The storm is surely in sight. In July, shortly following passage of OBBBA, New Leaf Energy, a community and utility-scale project developer, laid off about one-fifth of its workforce – 41 out of 217 employees. “The pathway to developing clean energy projects has narrowed, but it has not vanished; reducing the size of the company is intended to provide stability and free cash while the company adapts to a changed market for the long term,” said New Leaf Energy in a statement.
Unlike solar and wind, grid-scale energy storage will remain eligible for the ITC and PTC under its original schedule. The 48E and 45Y credits for storage projects will phase out by 25% each year starting in 2032 until Dec. 31, 2035, when the credits will expire entirely.

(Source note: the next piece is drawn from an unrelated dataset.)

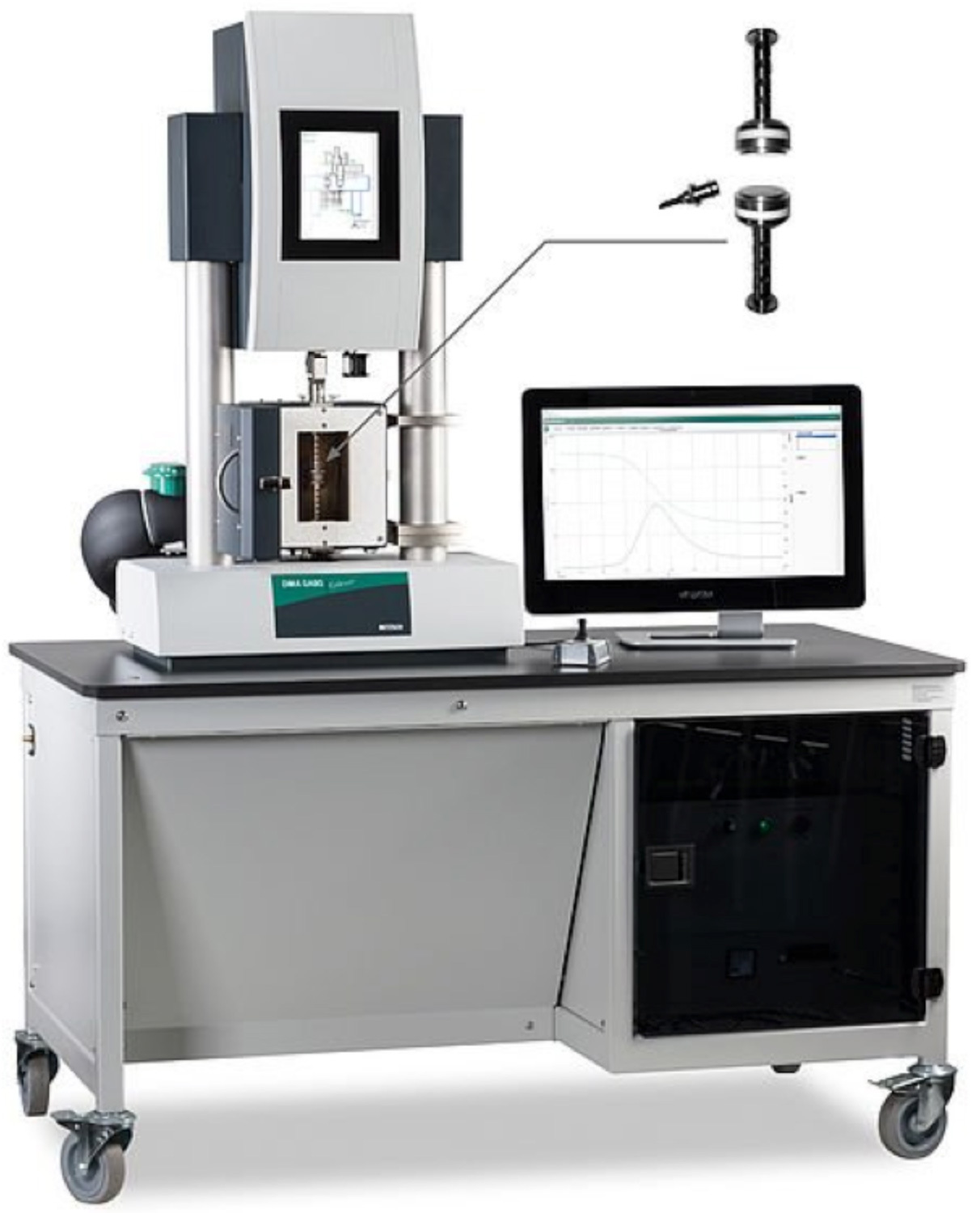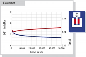 フレクソメーター専用装置としてガボメーターシリーズを用意していますが、高荷重動的粘弾性EPLEXOR2000N〜8000NのラインアップISO4666-3、ASTM D623に準拠したフレクソメーター測定の兼用機にアップグレードできます。

What’s more, projects are facing tightened restrictions on components and materials sourced from “Foreign Entities of Concern” (see pp. 10-12).
Residential pressure
The window is even tighter for residential solar. While lobbying was successful in preventing a near-instant phase-out of the 48E ITC, the 25D tax credit for residential solar projects, paid directly to individuals who purchase home solar with a loan or cash, is phased out for projects not installed by the end of 2025.

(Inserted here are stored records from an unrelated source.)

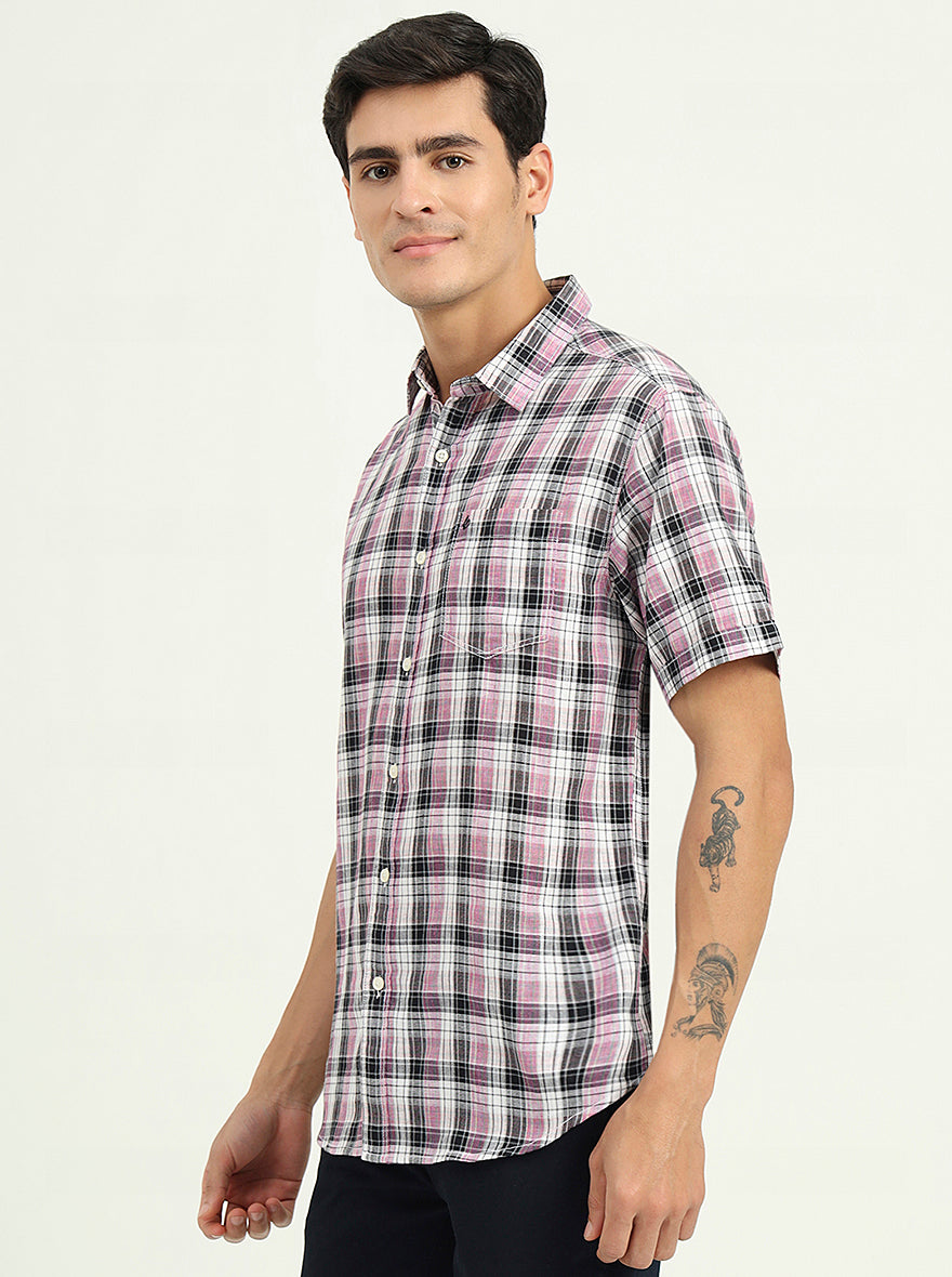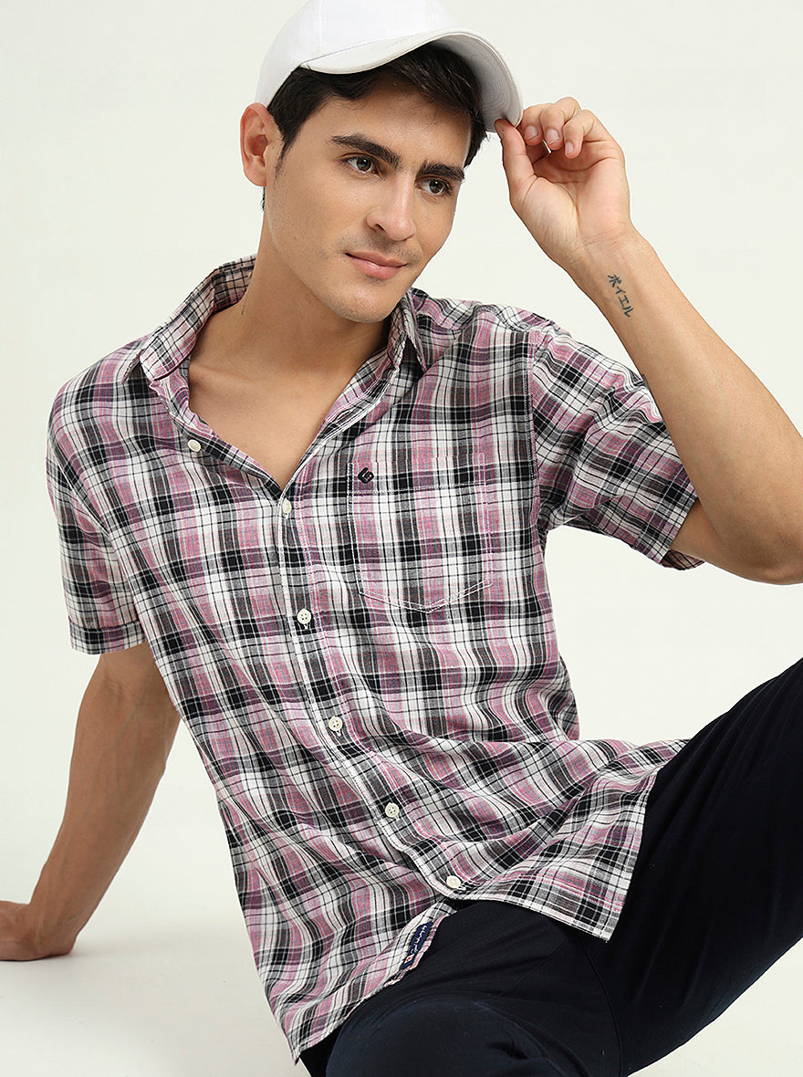 Black & Pink Checked Slim Fit Casual Shirt | Greenfibre
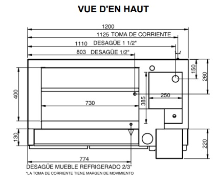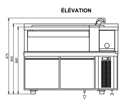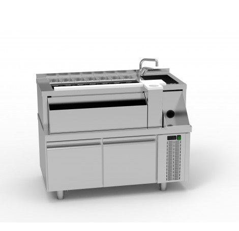 -Capacité de la cuve isolée : 2 zones pour la glace, 1 zone pour les bouteilles et 1 zone pour les bacs 7 GN 1/9-100 (plateaux non inclus dans le prix, voir kit optionnel KC-120)
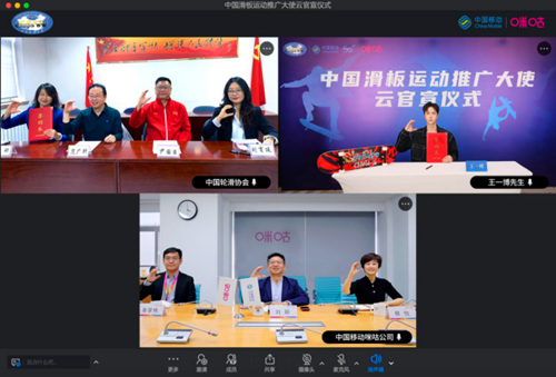 近日,中國輪滑協會舉行線上“中國滑板運動推廣大使云簽約”,國家體育總局社會體育指導中心主任范廣升、國家體育總局社會體育指導中心副主任尹國臣、國家體育總局社會體育指導中心輪滑部主任張娜、演員王一博、中國移動咪咕公司總經理劉昕等參與了儀式。
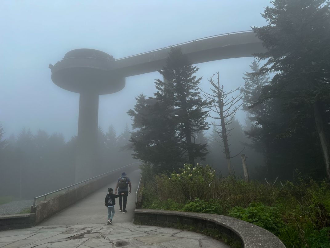 A father and daughter reach the base of Clingmans Dome Observation Tower. This massive structure stands 45 feet tall with a 375-foot ramp to the top. Built in 1959, the tower sits on Clingmans Dome, the highest point of the Great Smoky Mountains at an elevation of 6,643 feet.
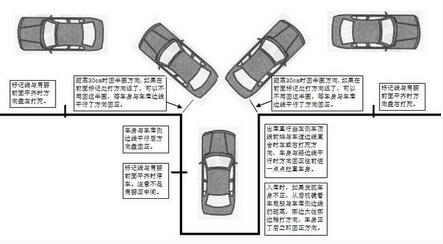 一个边距(右车轮离库边线30厘米),三个点位(往右打死方向盘,回正方向盘,往左打死方向盘,打方向盘速度要快)。
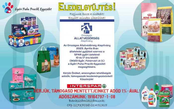 A következő eledelgyűjtés április 8-án lesz 10:00 – 17:00 óra között a megszokott helyen, a Fehérvári út 3. szám alatt lévő INTERSPAR-nál, ahol szívesen fogadnak jó minőségű felnőtt és junior száraz és nedves macskaeledelt, kutyapelenkát, Royal Canin cicatápszert, puha plüssöket, pokrócokat, tisztítószereket, és macskaalmot, amiből sosincs elég.

The cuts to credits come at a particularly hard time for U.S. residential solar. Installations declined 31% in 2024, according to Wood Mackenzie. Over the last year, industry titans like SunPower, Sunnova, and Mosaic Solar have filed for bankruptcy. The industry historically has leaned on the value proposition of lowering customer electricity bills and providing predictable costs for the long term. However, that value has been increasingly difficult to provide.
Gone are the days of low interest rates enabling attractive finance terms for loans or leased systems. In many major markets, such as California, net metering rates for sending excess electricity to the grid have been slashed by 75% or more. One pathway to continuing to drive customer value is pursuing lower soft costs – expenses not tied to hardware.
The Solar Energy Industries Association (SEIA) said more than 65% of the cost to install residential solar is related to soft costs like paying sales teams, securing permits, and grid connection costs. The United States may find a path forward by pursuing market conditions like Australia, where over 40% of homes in some regions have rooftop solar. Soft costs are far lower in the nation, with an average residential solar installation cost of AUD 0.89/W ($0.58), according to a January 2025 report from price comparison website Compare the Market – more than AUD 2.00/W cheaper than in both Canada and the United States.
Underlying strength
Since long-term federal tax credits were enacted by the IRA, about 80% of investment announcements were in Republican-led districts. More than 224 projects totaling nearly $110 billion in investment and leading to more than 83,000 jobs were announced in Republican voting districts, according to E2. Even before the OBBBA was passed, the looming threat of cuts led to billions of dollars in project and factory cancellations and the loss of tens of thousands of expected or existing jobs in these districts.
However, the fundamentals for solar remain strong. Analysis by financial advisory Lazard found that solar levelized cost of electricity beats the lowest-cost fossil fuel for new-build projects, even without tax credits. Solar represented 78% of new capacity added to the grid in 2025 through April, according to Federal Energy Regulatory Commission data. With electricity demand expected to rise 2% per year and 50% cumulatively by 2050, according to the National Electrical Manufacturers Association, demand for projects that can be added to the grid quickly will remain robust.